Hugh wondered why they did not fall off.
He took the matter up with Joe and at last gained some notion of gravitation. He never really understood it emotionally; it was too wildly improbable; but as an intellectual concept he was able to accept it and use it, much later, in his first vague glimmerings of the science of ballistics: and the art of astrogation and ship maneuvering. And it led in time to his wondering about weight in the Ship, a matter that had never bothered him before. The lower the level the greater the weight had been to his mind simply the order of nature, and nothing to wonder at. He was familiar with centrifugal force as it applied to slingshots. To apply it also to the whole Ship, to think of the Ship as spinning like a slingshot and thereby causing weight, was too much of a hurdle; he never really believed it.
Joe-Jim took him back once more to the Control Room and showed him what little Joe-Jim knew about the manipulation of the controls and the reading of the astrogation instruments.
The long-forgotten engineer-designers employed by the Jordan Foundation had been instructed to design a ship that would not -- could not -- wear out, even though the Trip were protracted beyond the expected sixty years. They builded better than they knew. In planning the main drive engines and the auxiliary machinery, largely automatic, which would make the Ship habitable, and in designing the controls necessary to handle all machinery not entirely automatic, the very idea of moving parts had been rejected. The engines and auxiliary equipment worked on a level below mechanical motion, on a level of pure force, as electrical transformers do. Instead of push buttons, levers, cams, and shafts, the controls and the machinery they served were planned in terms of balance between static fields, bias of electronic flow, circuits broken or closed by a hand placed over a light.

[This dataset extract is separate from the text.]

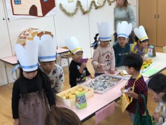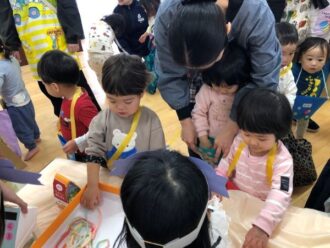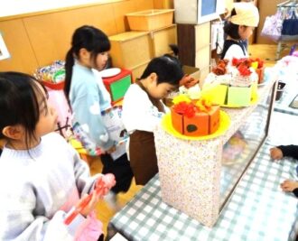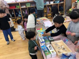 12月のおみせやごっこに向けて品物づくり、お店づくりを楽しんでいた子どもたち。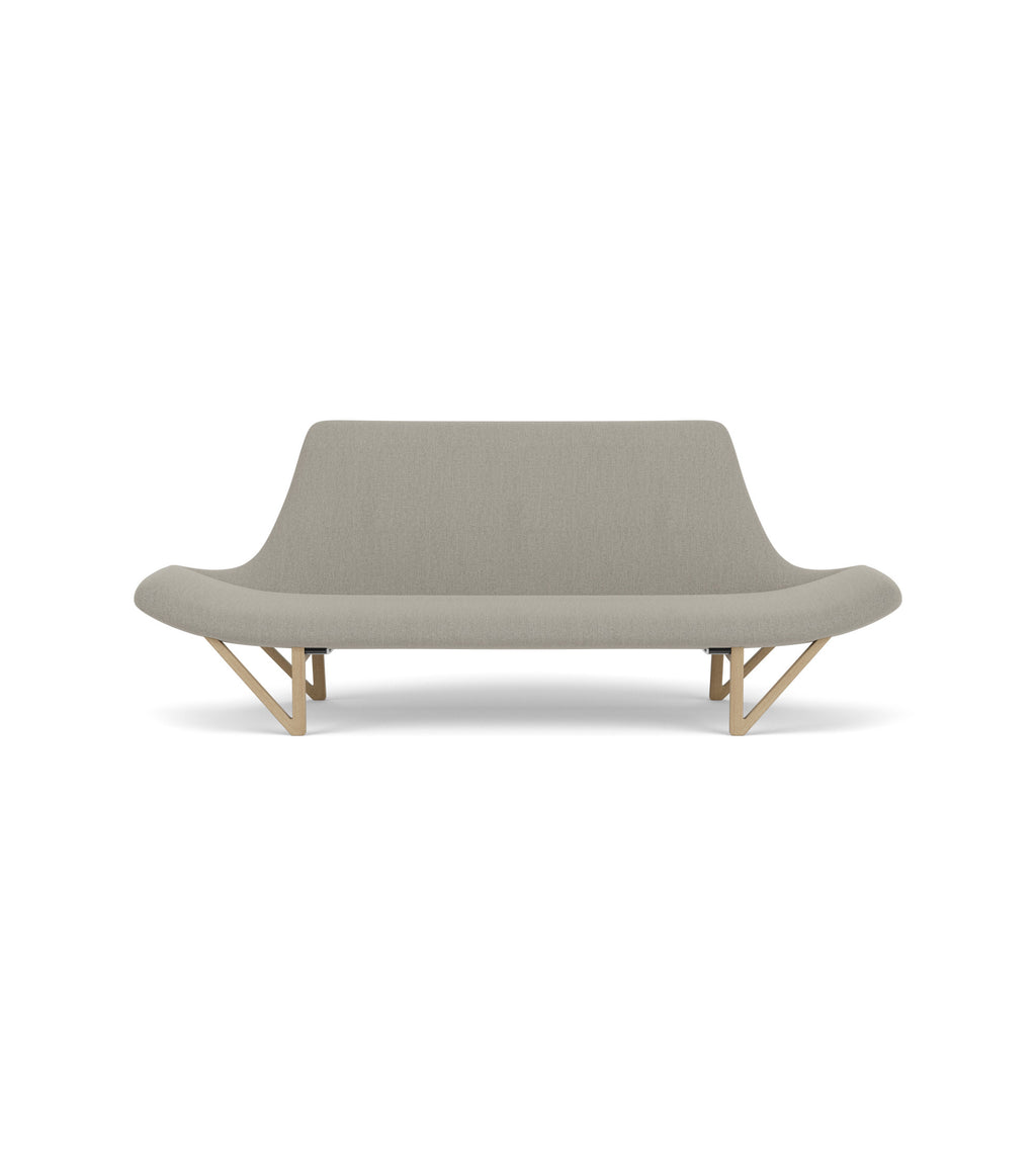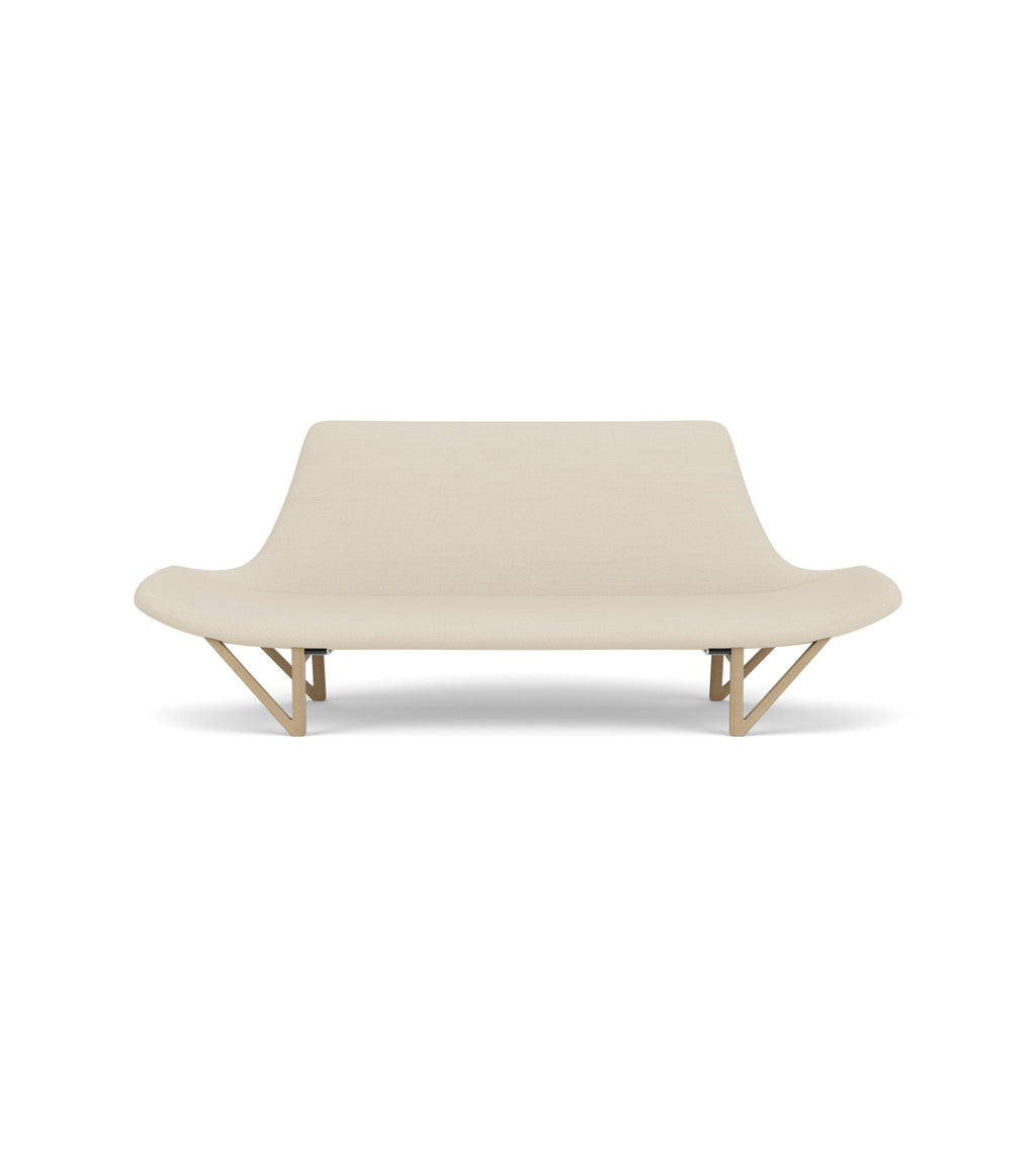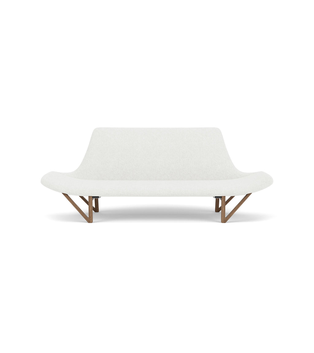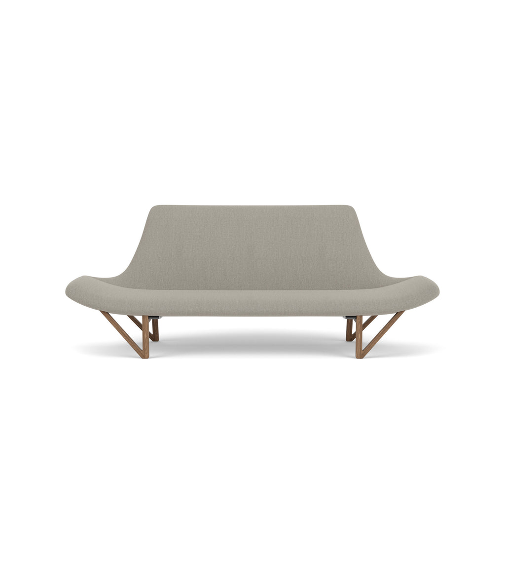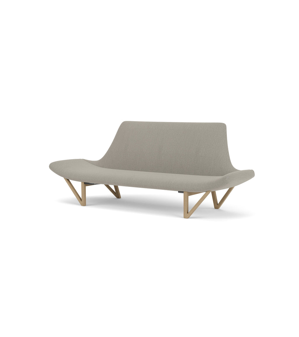 An elegant masterpiece by the husband-and-wife designer duo Tove and Edvard Kindt-Larsen, the Pagoda Sofa is unknown to most. Avantgarde and artistic for its time, its low, almost flat, armrests and beautiful V-shaped legs make it light and precise in its design language – and give the sofa a contemporary look. Taking its name from Asian architecture, it is expressive and unique in its simplicity – much like the temples it refers to. First presented to the world in 1956, today it remains a striking piece of design. Available in natural oak or walnut and upholstered in leather.

On this level of action, friction lost its meaning, wear and erosion took no toll. Had all hands been killed in the mutiny, the Ship would still have plunged on through space, still lighted, its air still fresh and moist, its engines ready and waiting. As it was, though elevators and conveyor belts fell into disrepair, disuse, and finally into the oblivion of forgotten function, the essential machinery of the Ship continued its automatic service to its ignorant human freight, or waited, quiet and ready, for someone bright enough to puzzle out its key.
Genius had gone into the building of the Ship. Far too huge to be assembled on Earth, it had been put together piece by piece in its own orbit out beyond the Moon. There it had swung for fifteen silent years while the problems presented by the decision to make its machinery foolproof and enduring had been formulated and solved. A whole new field of submolar action had been conceived in the process, struggled with, and conquered.
So, when Hugh placed an untutored, questing hand over the first of a row of lights marked ACCELERATION, POSITIVE, he got an immediate response, though not in terms of acceleration. A red light at the top of the chief pilot's board blinked rapidly and the annunciator panel glowed with a message: MAIN ENGINES: NOT MANNED.